Regression analysis, in its most basic form, is a type of analysis used to determine whether or not there is a relationship between the dependent variable(s) and the independent variable(s), as well as the direction and strength of the relationship. Thus, the relationships among the variables are defined, and prediction is therefore able to be performed (Özdamar, 2013).

In the literature, there are numerous types of regression analysis.
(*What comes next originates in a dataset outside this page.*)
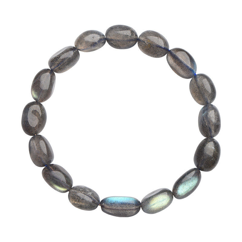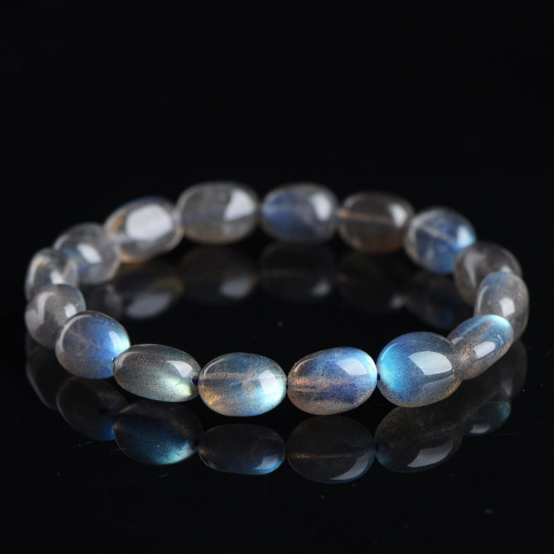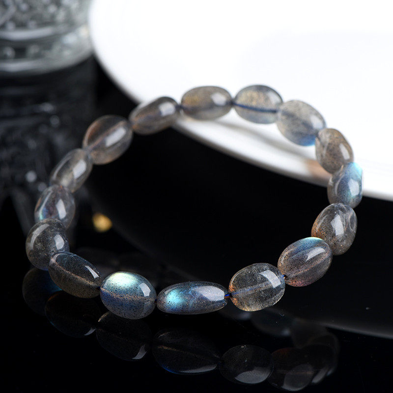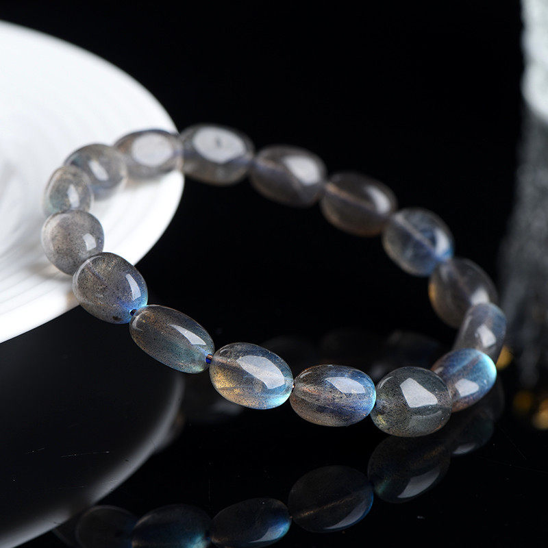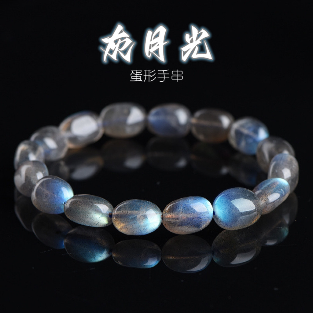 📚 天然黑体灰月光彩光拉长石随形蛋形手串手链男女

Regression analysis is able to get different names depending on the number of dependent and independent variables or on the structure of the data (Özdamar, 2013).

Today, there are different regression models using the more developed machine learning methods etc. as well as regression models using classical statistical methods. Along with the development of technology, new regression techniques that can perform much better predictions than the classic regression models have been developed and are continuing to be developed today.

Average life expectancy differs as per the countries’ economic and social development levels. In general, while developed countries have a longer average life expectancy, less developed countries have a relatively shorter average life expectancy (Jetter, Laudage & Stadelmann, 2019). In particular, when it is accepted that economic growth directly affects the average life expectancy, the average life lengthens as economic growth increases. Similarly, economic growth means an increase in income level and an increase in development through investments in the domain of health. Variables such as the natural conditions of the geography in which people live, and their habits as well as economic growth can all have an impact on average life. It is known that air pollution and habits like consumption of tobacco products, alcohol etc. also have a negative effect on human health.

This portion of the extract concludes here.